* _Requirement_
Would you set down the data that follows, word for word, without any pictures?

* _Provided data_
■ ■ ■

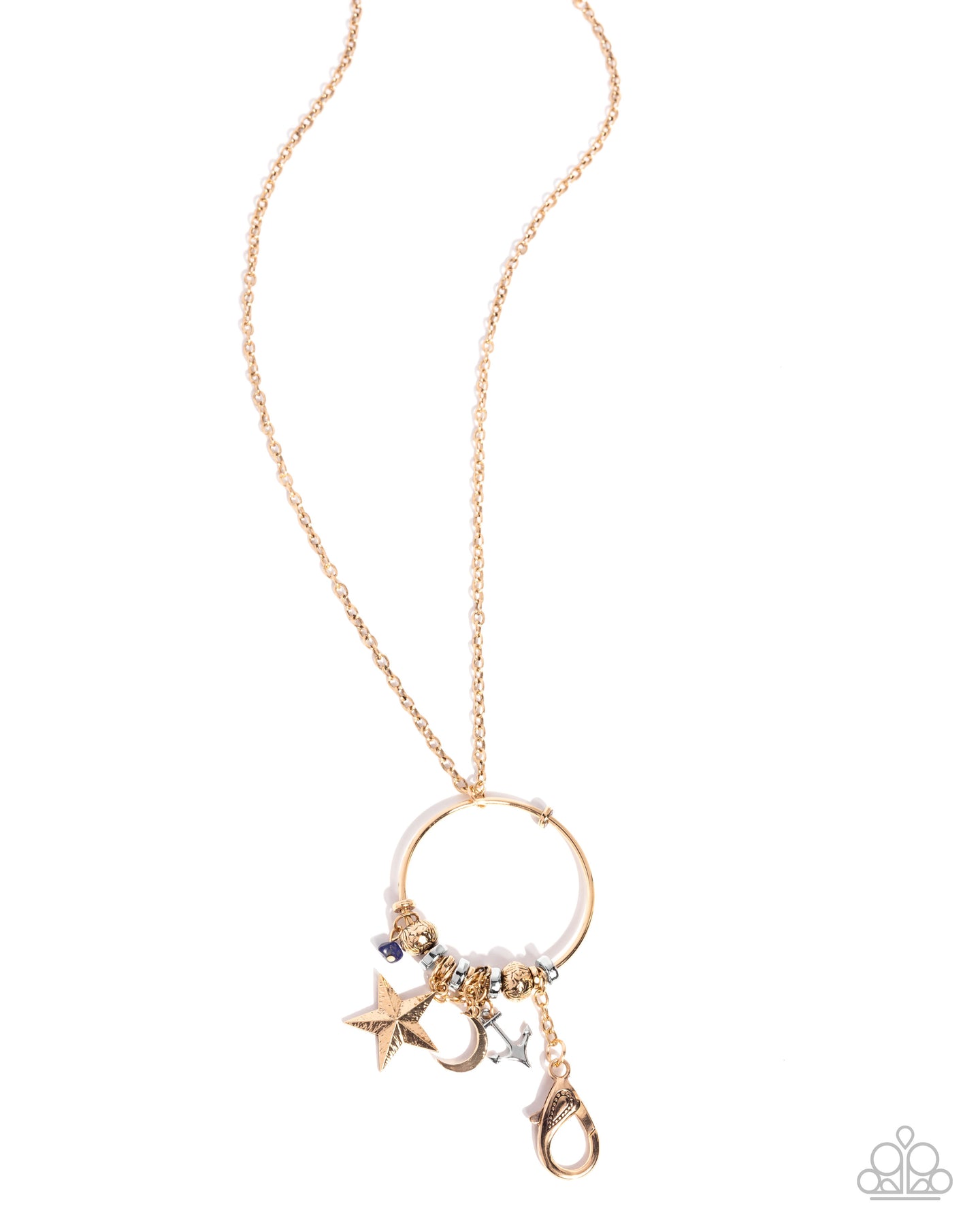 Gliding along an extended gold cable chain, a glistening gold hoop infused with a collection of gold and silver charms including a silver anchor, a gold crescent moon, a hammered gold star, a chiseled lapis stone, silver discs, textured thick gold beads, gold discs in varying sizes, and additional gold chains sways below the chest for a free-spirited fashionable look. A lobster clasp hangs from the bottom of the hoop to allow a name badge or other item to be attached. Features an adjustable clasp closure. As the stone elements in this piece are natural, some color variation is normal.
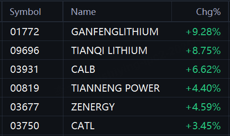 Lithium battery stocks jumped in Hong Kong. Ganfeng Lithium and Tianqi Lithium rose 9%; CALB rose 7%; Zenergy rose 5%; Tianneng Power and CATL rose 4%.
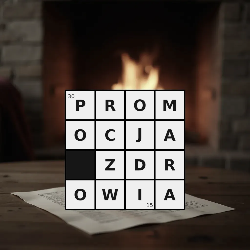 Słowo „promocja zdrowia” ma 15 znaków (bez spacji i łączników).

■ ■ ■

* _Exercise response_
 Gliding along an extended gold cable chain, a glistening gold hoop infused with a collection of gold and silver charms including a silver anchor, a gold crescent moon, a hammered gold star, a chiseled lapis stone, silver discs, textured thick gold beads, gold discs in varying sizes, and additional gold chains sways below the chest for a free-spirited fashionable look. A lobster clasp hangs from the bottom of the hoop to allow a name badge or other item to be attached. Features an adjustable clasp closure. As the stone elements in this piece are natural, some color variation is normal.
 Lithium battery stocks jumped in Hong Kong. Ganfeng Lithium and Tianqi Lithium rose 9%; CALB rose 7%; Zenergy rose 5%; Tianneng Power and CATL rose 4%.
 Słowo „promocja zdrowia” ma 15 znaków (bez spacji i łączników).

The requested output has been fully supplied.